Trump has already pardoned a slew of longtime associates and supporters, including his former campaign chairman, Paul Manafort; Charles Kushner, the father of his son-in-law; his longtime friend and adviser Roger Stone; and his former national security adviser Michael Flynn.

Nearly two weeks after the rampage at the U.S. Capitol, some participants arrested and charged have already asked the president to pardon them, including the notorious horn-man Jacob Chansley. The president has been urged not to provide clemency for anyone involved in the violence at the Capitol, especially a preemptive pardon for himself, to fend off potential charges that he incited the riot.

“It’s perfectly legal for Trump to pardon as many people as he wants. Maybe except for himself,” ABC7 Chicago legal analyst Gil Soffer told the I-Team.

It is not clear if Trump could legally pardon himself.
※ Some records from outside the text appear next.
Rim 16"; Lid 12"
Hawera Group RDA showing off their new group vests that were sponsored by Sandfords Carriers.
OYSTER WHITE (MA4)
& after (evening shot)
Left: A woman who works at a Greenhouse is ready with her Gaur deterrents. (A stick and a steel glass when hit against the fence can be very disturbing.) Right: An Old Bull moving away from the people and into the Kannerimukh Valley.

“It’s simply a question that has never been tested legally in any court or otherwise and there are conflicting views among legal scholars about whether a president can pardon himself. So, that’s why there’s a question mark hanging over it and of course there’s also political considerations about whether he should, but as a matter of law, it’s simply not clear,” Soffer explained. There’s nothing in the law that says he cannot pardon himself, nothing in the Constitution that says he cannot pardon himself. But nevertheless, there are questions in the law about whether that’s an appropriate use of the pardon.”

Trump was personally involved in the effort to sift through requests, mostly from first-time drug offenders sentenced to life, rejecting some applications and greenlighting others, according to one of the people involved in the effort. Also playing a key role has been the president’s daughter, Ivanka Trump, who personally met with advocates, reviewed cases and brought them to the Department of Justice and pardon attorney.
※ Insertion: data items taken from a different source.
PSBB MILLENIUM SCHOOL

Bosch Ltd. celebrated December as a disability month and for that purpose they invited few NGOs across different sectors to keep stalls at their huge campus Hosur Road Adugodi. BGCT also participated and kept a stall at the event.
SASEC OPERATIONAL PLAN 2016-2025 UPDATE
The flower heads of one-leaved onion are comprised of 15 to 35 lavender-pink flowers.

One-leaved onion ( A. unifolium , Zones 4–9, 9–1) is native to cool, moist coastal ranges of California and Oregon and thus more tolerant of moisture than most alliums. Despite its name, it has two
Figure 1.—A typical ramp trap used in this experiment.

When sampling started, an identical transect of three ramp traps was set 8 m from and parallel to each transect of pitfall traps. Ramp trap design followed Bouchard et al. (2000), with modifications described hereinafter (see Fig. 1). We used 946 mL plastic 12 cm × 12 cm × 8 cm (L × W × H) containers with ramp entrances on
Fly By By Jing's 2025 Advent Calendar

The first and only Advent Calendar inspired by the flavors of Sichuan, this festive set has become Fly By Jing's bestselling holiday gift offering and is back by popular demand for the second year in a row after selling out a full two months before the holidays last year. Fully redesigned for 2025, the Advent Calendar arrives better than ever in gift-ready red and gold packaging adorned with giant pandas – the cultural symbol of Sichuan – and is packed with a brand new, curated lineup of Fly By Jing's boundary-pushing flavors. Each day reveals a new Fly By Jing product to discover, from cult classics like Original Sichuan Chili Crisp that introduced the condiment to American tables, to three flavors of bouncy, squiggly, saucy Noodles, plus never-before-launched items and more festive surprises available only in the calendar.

Jessica Jackson, a lawyer and criminal justice advocate who has been working with the administration, said that she came to Ivanka Trump with the case of Darrell Frazier, who has served more than 29 years of a life sentence with no parole for his role in a drug conspiracy. While incarcerated, he founded a non-profit foundation in Tennessee that teaches tennis to 100-200 kids a week.

“I heard his story and brought it to Ivanka,” said Jackson. “Once she heard the story, she took it to the DOJ, she took it to the pardon attorney.”
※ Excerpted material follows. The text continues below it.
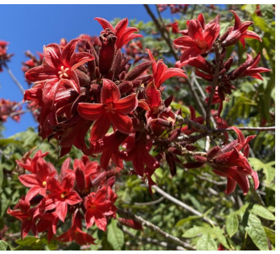
Brachychiton bidwillii Nine specimens (from five species) in the DRG will be moved to new locations when the Gate House move is finalised. Also the Sterculia (1), Planchonella (1), Myrsine (2) and Jaegera (3)

Relocating the Gate House to the Dry Rainforest Garden will provide the Arboretum with a wonderful shared space for the Volunteers and Friends groups. All of the specimens currently in that location will be relocated or replanted with new specimens elsewhere in the Arboretum. Nine specimens (from five species) in the DRG will be moved to new locations when the Gate House move is finalised. We are watering these plants now to give them a health boost prior to the move. All other specimens in the DRG will be removed but replaced with new, young specimens as they were deemed not possible to move (too big, not healthy enough to survive a move). Where we are unable to locate new specimens from acceptable suppliers, we have tried to propagate them from cuttings with mixed success so far. We will keep looking to ensure we are able to replace every specimen. We have documented the growth of each of the DRG specimens so we have a record of their performance in that area over 20 years. The new location has been carefully considered with regards to the microclimate in the new sites, and the practical realities of the project. There will be significant ongoing time costs for the Arboretum team to provide daily watering and care for moved plants and the new plantings. We have the new sites all mapped out ready. We are waiting on DIT to advise us when the activity will commence.

Trump had been expected to move forward with additional pardons and commutations earlier this month, but discussions were put on hold after the insurrection at the Capitol by pro-Trump rioters incited by the president’s fiery and baseless election challenges. That threw an already paralyzed White House into even further chaos.

Trump has since been impeached for a second time and a sense of wariness has set in, with the president’s inner circle fearful of doing anything that could provoke a conviction in the Senate that would potentially bar him from ever holding office again.

Unless President Trump decides to let a few hundred people off the hook on his way out the door, he won’t even end up on the top ten list of presidents who have issued pardons. Franklin Roosevelt pardoned more than 2,800 over three terms. Mr. Trump has issued 70 to date. He is unlikely even to beat Bill Clinton for the most last-day pardons; Clinton issued 140, including some highly controversial choices.

While we do not know yet who may be granted pardons or commutations, we do know some of the potential names are controversial.

That list includes former speaker of the New York State Assembly, Sheldon Silver, who is serving 12 years in prison for bribery.

The list also includes an unlikely name, rapper Lil Wayne, who plead guilty to felony gun possession in November.